How Baidu Maps Scales Billion‑Row OLAP Queries with Apache Kylin
Baidu Maps’ Data Intelligence team built a large‑scale OLAP platform using Apache Kylin, detailing the challenges of multi‑dimensional analysis on billions of rows, the architecture, custom extensions for task, resource, and monitoring management, and performance optimizations that achieve millisecond‑level SQL responses.
Introduction
The Baidu Maps Open Platform Business Unit’s Data Intelligence team is responsible for massive daily data processing (hundreds of billions of rows) and provides millisecond‑level OLAP query services for various business scenarios.
Why Apache Kylin?
In 2014 the team needed a complete OLAP analysis platform. After evaluating Apache Drill, Presto, Impala, Spark SQL and Apache Kylin, they chose Kylin because it pre‑computes cubes via MapReduce, offering low‑latency queries on petabyte‑scale data. The first production deployment occurred around February 2015.
Apache Kylin Overview
Apache Kylin is an open‑source distributed analytical engine that provides a SQL interface and multi‑dimensional (OLAP) capabilities on top of Hadoop. Originally developed by eBay, it became an Apache top‑level project in November 2015.
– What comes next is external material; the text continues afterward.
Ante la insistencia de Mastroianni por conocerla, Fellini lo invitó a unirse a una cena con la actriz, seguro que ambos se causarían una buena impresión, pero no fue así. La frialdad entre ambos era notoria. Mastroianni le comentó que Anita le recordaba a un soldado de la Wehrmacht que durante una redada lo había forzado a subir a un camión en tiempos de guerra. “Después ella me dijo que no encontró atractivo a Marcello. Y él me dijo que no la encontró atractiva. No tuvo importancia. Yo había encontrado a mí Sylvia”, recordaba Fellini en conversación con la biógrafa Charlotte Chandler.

Key Challenges Solved by Kylin
Pain point 1: Dynamic calculation of multi‑dimensional metrics on hundred‑billion‑row data; Kylin solves this by pre‑computing cubes stored in HBase.
Pain point 2: Complex conditional filtering; Kylin uses a router algorithm and optimized HBase coprocessors.
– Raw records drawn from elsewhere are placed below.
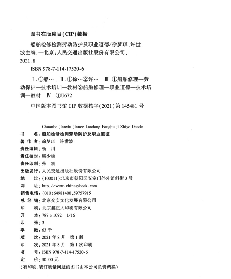 书名:船舶检修检测劳动防护及职业道德 船舶检修检测服务人员培训教材丛书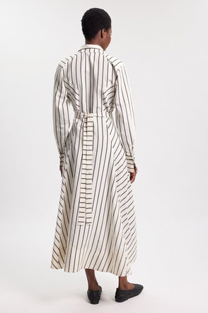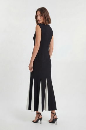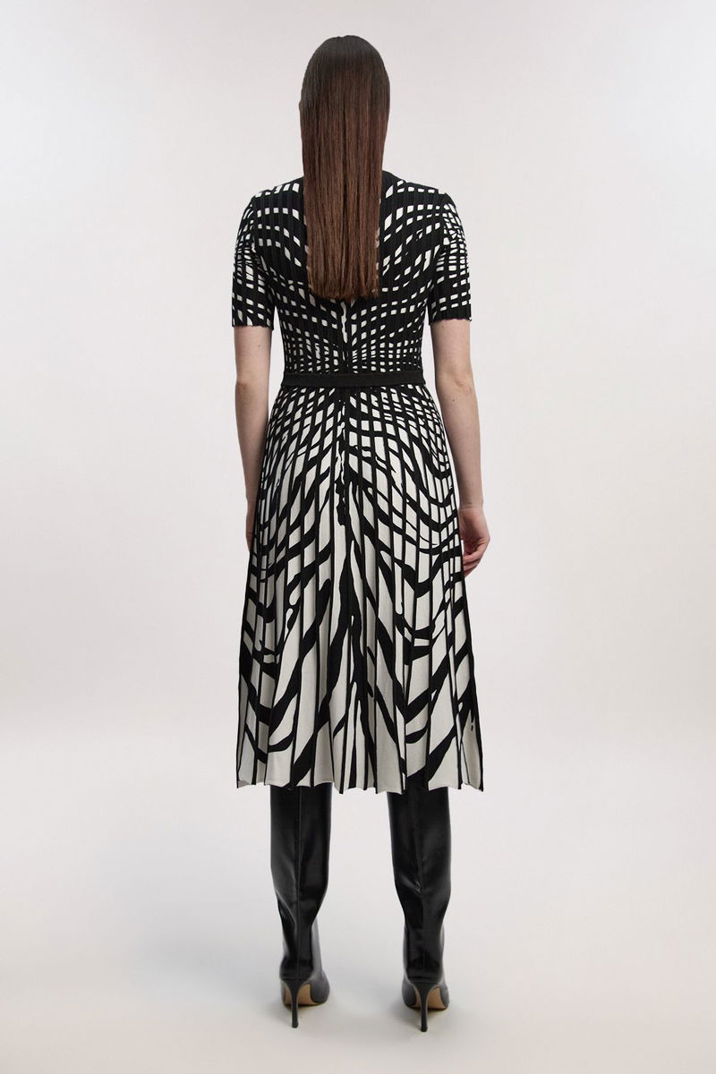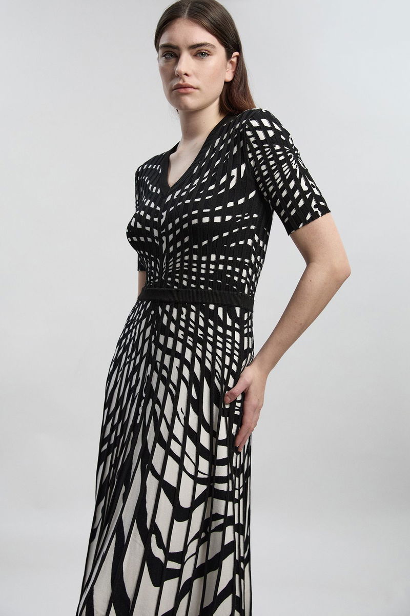 This jacquard knit midi dress showcases exceptional craftsmanship with its distinctive zebra pattern that creates a mesmerising gradient effect. The design transitions beautifully from structured bodice to flowing full skirt, creating a silhouette that's both refined and dramatic. Style with knee-high boots and an oversized clutch for an elevated daytime look that transitions effortlessly to evening occasions. For corporate settings, layer with a tailored blazer and pointed court shoes. The viscose-blend fabric offers comfortable wear whilst maintaining structure throughout the day. This piece works brilliantly for gallery openings, sophisticated brunches, or upmarket social gatherings where making a subtle statement is essential. The versatile design allows for customisation with jewellery-opt for minimalist pieces to let the dress's artistic pattern command attention.
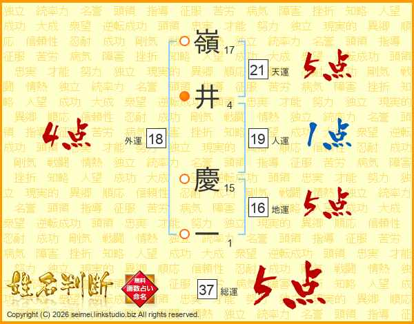 嶺(17画)井(4画) 慶(15画)一(1画)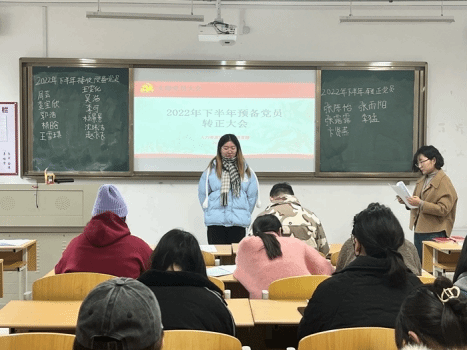 会议严格按照组织程序进行,首先由巩艳艳发表讲话,向与会同志们宣读了本次会议主题以及会议流程,随后张陈怡等5位同学作为预备党员依次上台汇报,向党组织汇报自身对党的认识、入党动机、个人经历以及在校表现等,客观分析自身优缺点并说明今后努力的方向。接着,预备党员的入党介绍人蔡若愚、林啸啸等教师根据5位预备党员的近期表现给予评价,肯定了各位同志在学习和工作上取得的优秀成绩,同时也指出相关不足之处,鼓励他们继续提升自身思想道德素养,并采取无记名投票的方式进行表决,一致同意接收张陈怡等5名同志为正式党员。最后,巩艳艳对5名正式党员表示热烈祝贺,同时希望全体学生党员能坚守共产党人的初心和使命,不断坚定理想信念、练就过硬本领、站稳人民立场、投身强国伟业,做一名有理想有本领有担当的新时代合格青年。

Pain point 3: Queries across large time ranges (months, quarters, years); Kylin manages this with cube data segment partitioning.
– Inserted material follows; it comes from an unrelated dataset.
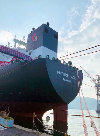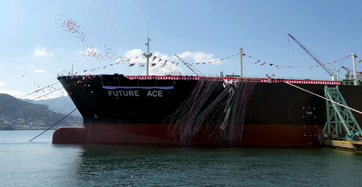 Vessel for JX Ocean Tokyo, March 13, 2019 • Energy efficient vessel compatible with major LPG terminals worldwide and the expanded Panama Canal • Mitsubishi Shipbuilding's first ship equipped with the Mitsubishi SOx Scrubber System, compliant with 2020 regulations on marine SOx emissions • Built by MHI Marine Structure in Nagasaki, with tank holding capacity of 83,000m3 Mitsubishi Shipbuilding Co., Ltd., a Group company of Mitsubishi Heavy Industries, Ltd. (MHI) based in Yokohama, held a christening ceremony on March 12th for a liquefied petroleum gas (LPG) carrier currently under construction for JX Ocean Co., Ltd. The new ship, named FUTURE ACE, will be the twelfth of Mitsubishi Shipbuilding's latest third-generation, 83,000m3-class LPG carriers. In addition to increased energy-efficiency, the ship will have the capability to adapt flexibly to major LPG terminals worldwide, as well as specifications compatible with the new expanded Panama Canal. Completion and delivery is scheduled for the end of March, 2019. The christening ceremony, held at MHI's Nagasaki Shipyard & Machinery Works, was attended by representatives of the ship owner, along with many other guests. JX Ocean President and Representative Director Shinji Inaba announced the name of the ship, while the wife of the charterer's representative performed the ceremonial rope cutting. The FUTURE ACE has a length of 230m, width of 36.6m, and depth of 21.65m, with a draft of 11.55m. Gross tonnage is 48,167 tons, with a total tank holding capacity of 83,000m3. Launching took place on December 27th, 2018. Construction was managed by Mitsubishi Heavy Industries Marine Structure Co., Ltd., an MHI Group company based in Nagasaki. The name "FUTURE" refers to the "X" (meaning "future") of the JXTG Group, of which JX Ocean is a part. "ACE" was chosen because A (the first letter of the English alphabet) represents the first of newly constructed LPG carriers that will be part of the planned FUTURE series, and because its association with "first-rate" or "forefront." Of note, this is the 29th vessel built under contract at Nagasaki Shipyard & Machinery Works for JX Ocean and its predecessor company. The FUTURE ACE is equipped with a proprietary hull form (developed with the design and manufacturing expertise of MHI Group) that aids in providing exceptional fuel-efficiency and compatibility with the various LPG terminals around the world. Specifically, the vessel utilizes the hull form (optimized with the latest development technologies) and a screw propeller, (combined with the Mitsubishi Reaction Fin) to improve overall propulsion efficiency. The ship is also equipped with the Mitsubishi SOx Scrubber System, which complies with the tighter regulations on marine SOx emissions that will come into effect in 2020. This is the first time Mitsubishi Shipbuilding has utilized this system for a ship built in-house. In a continuous effort to contribute to stable, global energy supplies and environmental conservation, Mitsubishi Shipbuilding and MHI Marine Structure will continue developing and refining fuel-efficient and sustainable LPG carriers.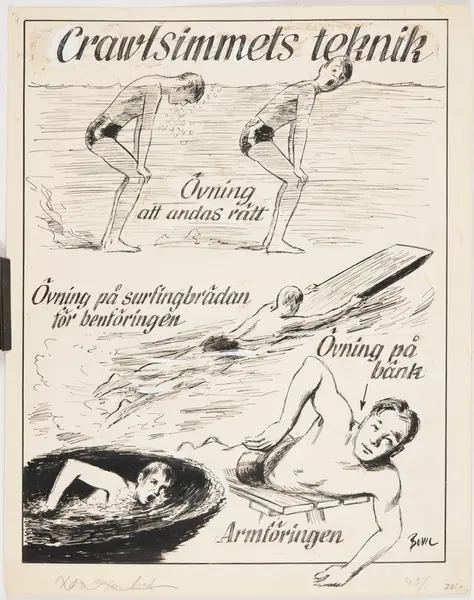 Bildens nedre halva illustrerar "Övning på surfingbrädan för benföringen". En man crawlar i ett vatten, en annan håller i en surfingbräda och simmar med fötterna i ett vatten, en tredje man ligger på mage på en bänk och övar på armföringen.

These solutions enable millisecond‑level responses for pages that may issue multiple SQL queries, turning an otherwise 10‑second load time into an acceptable experience.
Platform Architecture
The OLAP platform consists of the following core modules:
Data Ingestion: Pulls fine‑grained fact tables from the data warehouse.
Task Management: Executes and manages cube‑related jobs.
Task Monitoring: Tracks job status and sends alerts on failure or completion.
Cluster Monitoring: Monitors Hadoop, Hive, HBase, and Kylin processes and handles temporary file cleanup.
Secondary Development
Data Ingestion Enhancements
The platform supports MySQL and HDFS sources. It detects when previous‑day data is ready by checking Hive partitions or monitoring row‑count changes in MySQL, then triggers data pull, optional preprocessing, and cube build.
Task Management Extensions
Cubes are built from data segment units (similar to Hive partitions). Three operations exist: build, refresh, merge. The team introduced strategies to refresh or merge segments efficiently, especially when dealing with many small segments across a month.
For example, refreshing an entire month’s data can be reduced from 23 separate refreshes (≈537 minutes) to a single merge followed by one refresh (≈84 minutes).
Resource Isolation
To avoid a single Hadoop queue for all projects, the team modified Kylin‑1.1.1 source code to support per‑project queue isolation, submitting the change as KYLIN‑1241 .
Hadoop & HBase Optimizations
Due to limited hardware, the team tuned YARN and MapReduce memory settings, and performed extensive HBase JVM, ZooKeeper, and region server tuning (GC parameters, ms‑lab, session timeouts, CMS GC, etc.).
Retention Analysis Solutions
The team compared a traditional storage scheme (requiring daily back‑fills of historical data) with a “rotated diagonal” approach that stores only the most recent day’s data and derives older retention metrics by shifting indices. The latter reduces daily MapReduce workload and simplifies scaling to longer retention windows.
Summary
Today the platform supports around 80 cubes, half a trillion rows of source data, and delivers millisecond‑level responses for complex, multi‑dimensional queries across large time ranges. The team credits the open‑source contributions of Apache Kylin and the community for enabling this scalable OLAP solution.